Core Concept: Reward Reasoning

RRMs frame reward modeling into a reasoning task. Before assigning a reward, the model generates an explicit chain-of-thought to analyze and compare candidate responses. This allows RRMs to adaptively allocate computational resources, dedicating more thought to complex evaluation scenarios.

Training: Reward Reasoning via Reinforcement Learning

RRMs are trained using a framework called Reward Reasoning via Reinforcement Learning. This approach enables the model to self-evolve sophisticated reward reasoning capabilities.
Crucially, this training process does not require supervised data in the form of explicit reasoning traces. Instead, it uses rule-based rewards derived from whether the RRM correctly prefers a ground-truth response, guiding the model to develop effective reasoning patterns.

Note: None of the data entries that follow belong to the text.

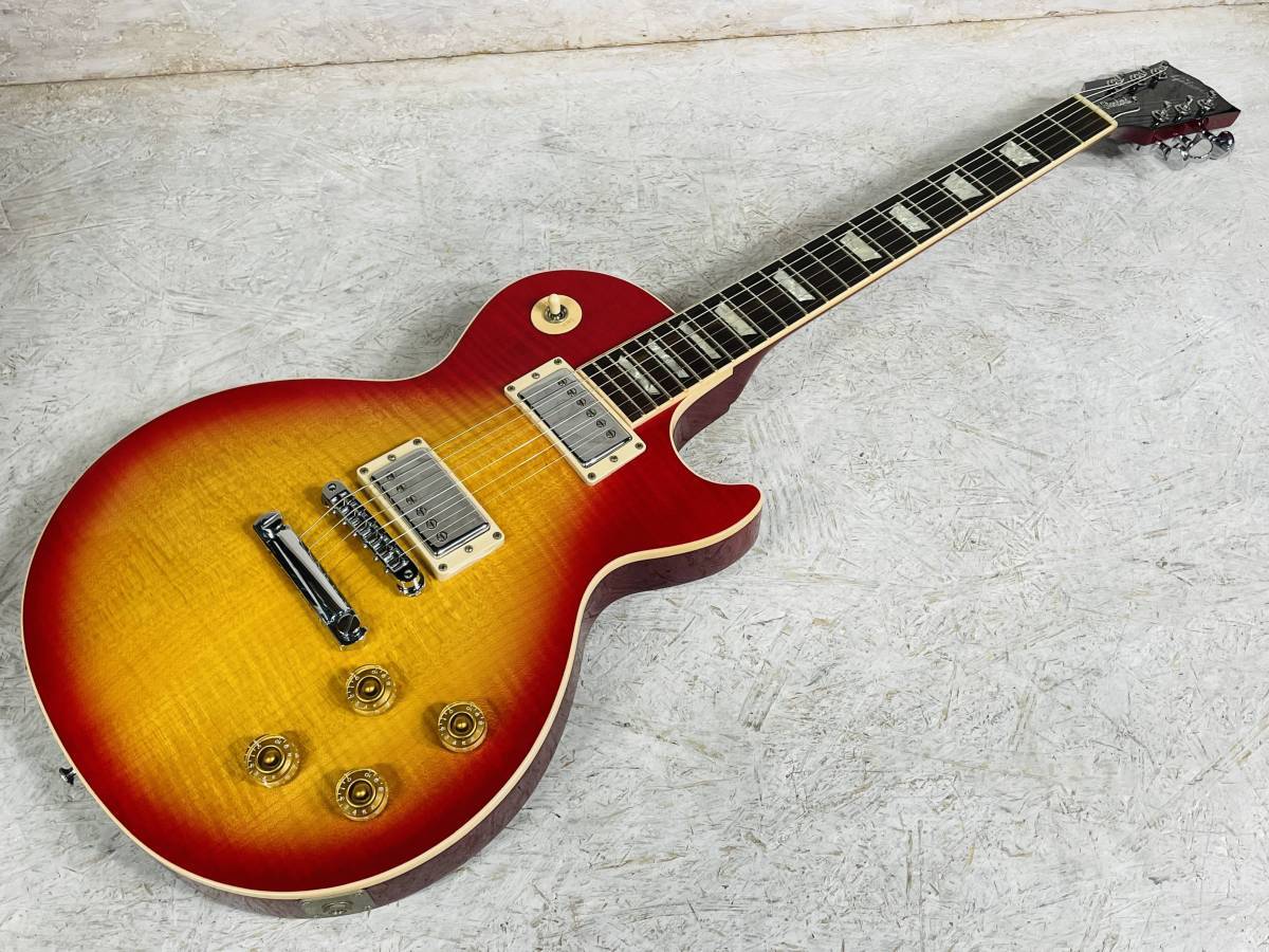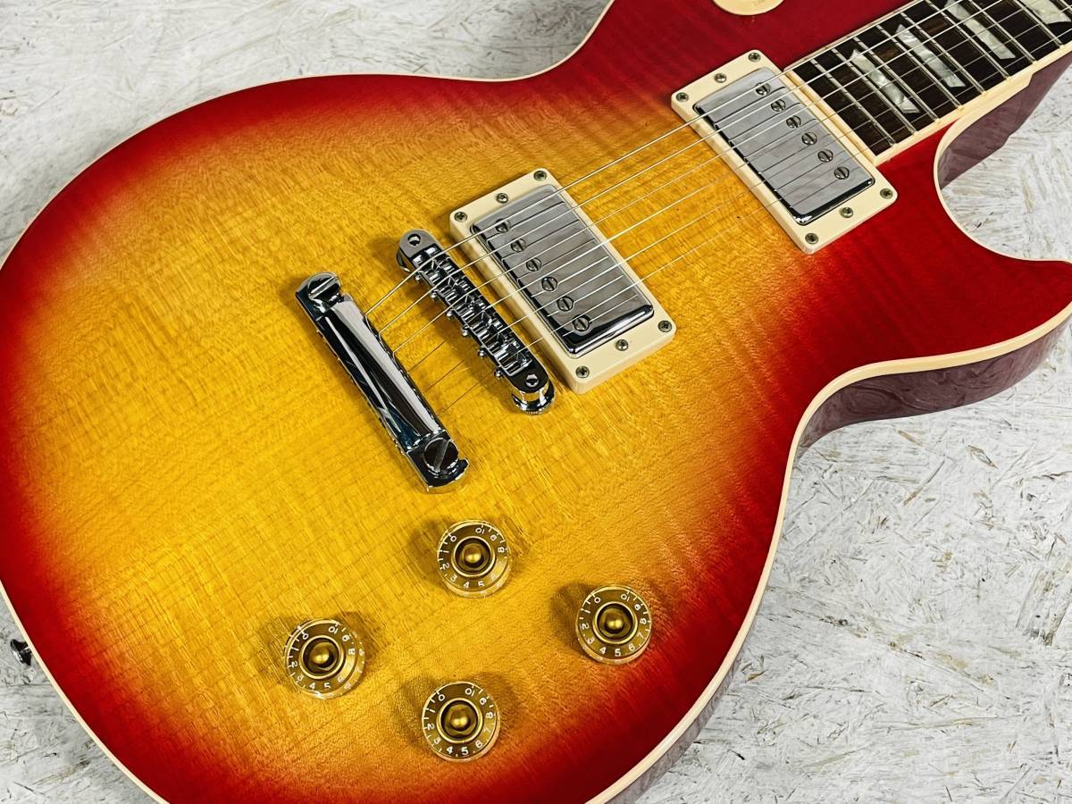 美しいフィギュアドメイプルトップが特徴のLes Paul Standard Plusです。バックは1Pマホガニー、ネックはマホガニー、指板はローズウッドです。カラーはヘリテイジ・チェリーサンバースト。2001年製ですので山野楽器が代理店の頃のモデルです。
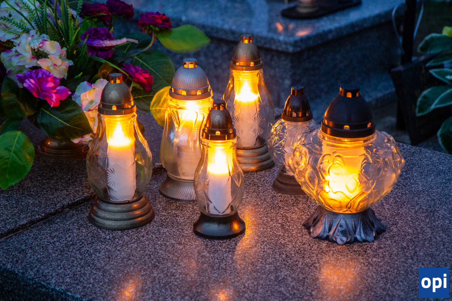 Parafialny cmentarz w Małkini Górnej po zmierzchu rozświetlił się łuną światła zniczy.
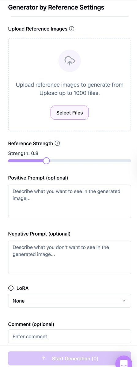 - Reference Strength Controls how closely results follow the reference. Start around 0.8; lower for freer variations, higher for closer matches.
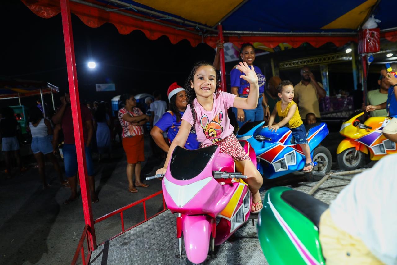 Além da decoração natalina que transforma a Praça Dr Gualberto, a Prefeitura de Candeias inovou ao disponibilizar gratuitamente brinquedos eletrônicos para a população. Entre as atrações estão autopista, moto giratória e trenzinho, todos em funcionamento ao lado da Magazine Luiza, com acesso livre ao público.
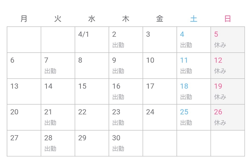 【4月出勤予定】
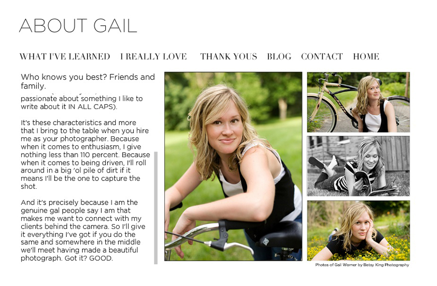 We get photographers at all stages of their businesses at the MJ2Day and Gail was a relative newbie when she came to the workshop -- having just a few weddings of her own under her belt. She was part-time at the time, and continues to work outside of her photography business to this day because she can't part with her other job as the Media Relations Manager at Ball State University. She's a mulit-talented girl with lots of interests including reading (SO many of my favorite recent reads have been her recommendations), writing, and cooking.
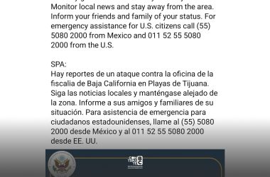 Local Seguridad1 min read EE. UU. emite alerta de seguridad tras ataque con explosivos a la Fiscalía de Tijuana
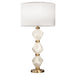 The Argyle Diamond lamp is sculpted in glass as the focal point of this design. Features brass appointments and a brass base. Shown in clear quartz with white fabric shade. Also available in amber agate with beige fabric shade and ebony black and gold aventurine veiling with white or black fabric shade.
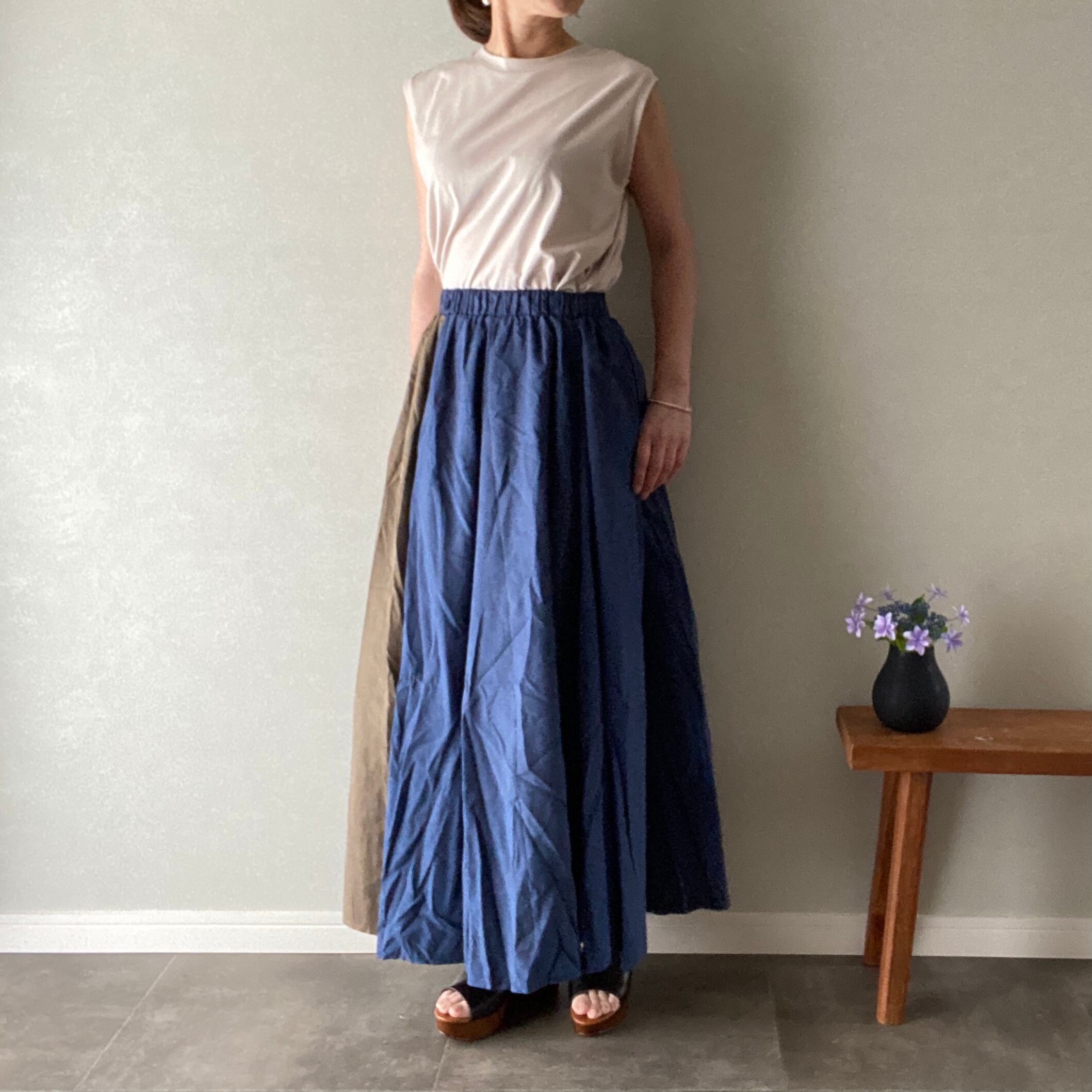 スカート バイカラー 切替 ウエストゴム ネイビー×オリーブ Mサイズ 【12600217】
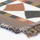A quality printed throw has its advantages. This is a much finer weave throw than its loopier cousins, and though lighter, it is worth the investment for custom room accessorizing. The back is much prettier than the typical brown, and the fringe on the long sides very vivid, the selvage nicely done. Before photographing, I washed the throw in cold water, delicate, with a thicker woven throw the same size. On tumble dry low, this throw was dry in half the time as the other. This is a very practical quality if you use throws for furniture covers or to wrap up in frequently. The sleekness of the fabric makes it a great layer for accenting or protecting without the feeling of sitting on too much stuff. Perfect for napping or when you feel a light chill coming on. The color printing is beautiful and on this fabric, matched the design and color of my Photoshop image. This is an advantage for blending room fabrics and colors. The fringe on the short sides prints the colors from the design image and therefore varies from the side fringe. I streaked a white fractal line through the plaid pattern to give the illusion of weaving. This printed as crisp as an illusory thread, and put some white in the short side fringe, showing another advantage of print vs loomed- for artistic purposes, line lines, detail, and color integrity can be planned and preserved. My loomed throws have color limitations and more of a needlepoint texture. Print throws reproduce an exact image. The throw felt a little stiff straight out of the package, but this went away in the first delicate wash. Of course I searched the wash water for ink or bleeding and there was none.
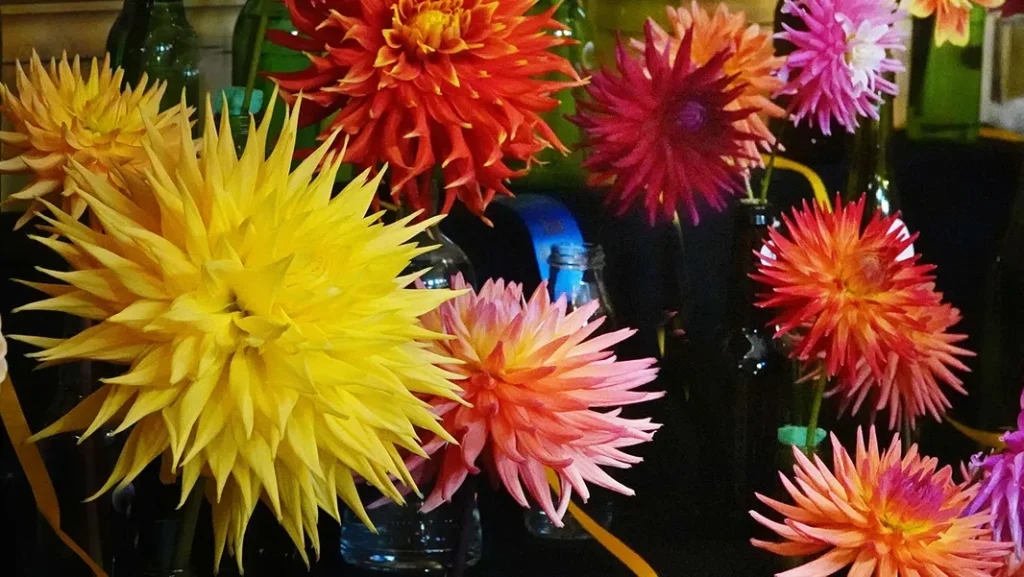 It is exciting to see the show take shape as exhibits arrive in ones and twos and then in box loads: huge dahlias, fragrant roses, special perennials with delicate blooms, a prized maidenhair fern, and lavish flower arrangements. Most of the single flower exhibits are displayed in green glass bottles, which allow individual blooms to star and help unify the show.

Key Advantages & Capabilities

Enhanced Accuracy: RRMs consistently outperform strong baseline reward models across diverse domains, including reasoning, general knowledge, and alignment with human preferences.
Adaptive Test-Time Compute Utilization: RRMs can effectively scale their test-time compute (both through parallel and sequential scaling of reasoning steps) to achieve better performance.
Practical Applications: RRMs are effective for reward-guided best-of-N inference and can provide high-quality preference signals for post-training LLMs (e.g., via DPO or RL).

3. Model Downloads

Model	Parameters	Download Link
RRM-7B	7B	🤗 HuggingFace
RRM-32B	32B	🤗 HuggingFace

*Note: RRMs utilize the Qwen2 architecture and are trained using DeepSeek-R1-Distill-Qwen models as initialization.

4. Evaluation Results

RRMs have been extensively evaluated on several benchmarks.

Agreement with Human Preference (RewardBench & PandaLM Test)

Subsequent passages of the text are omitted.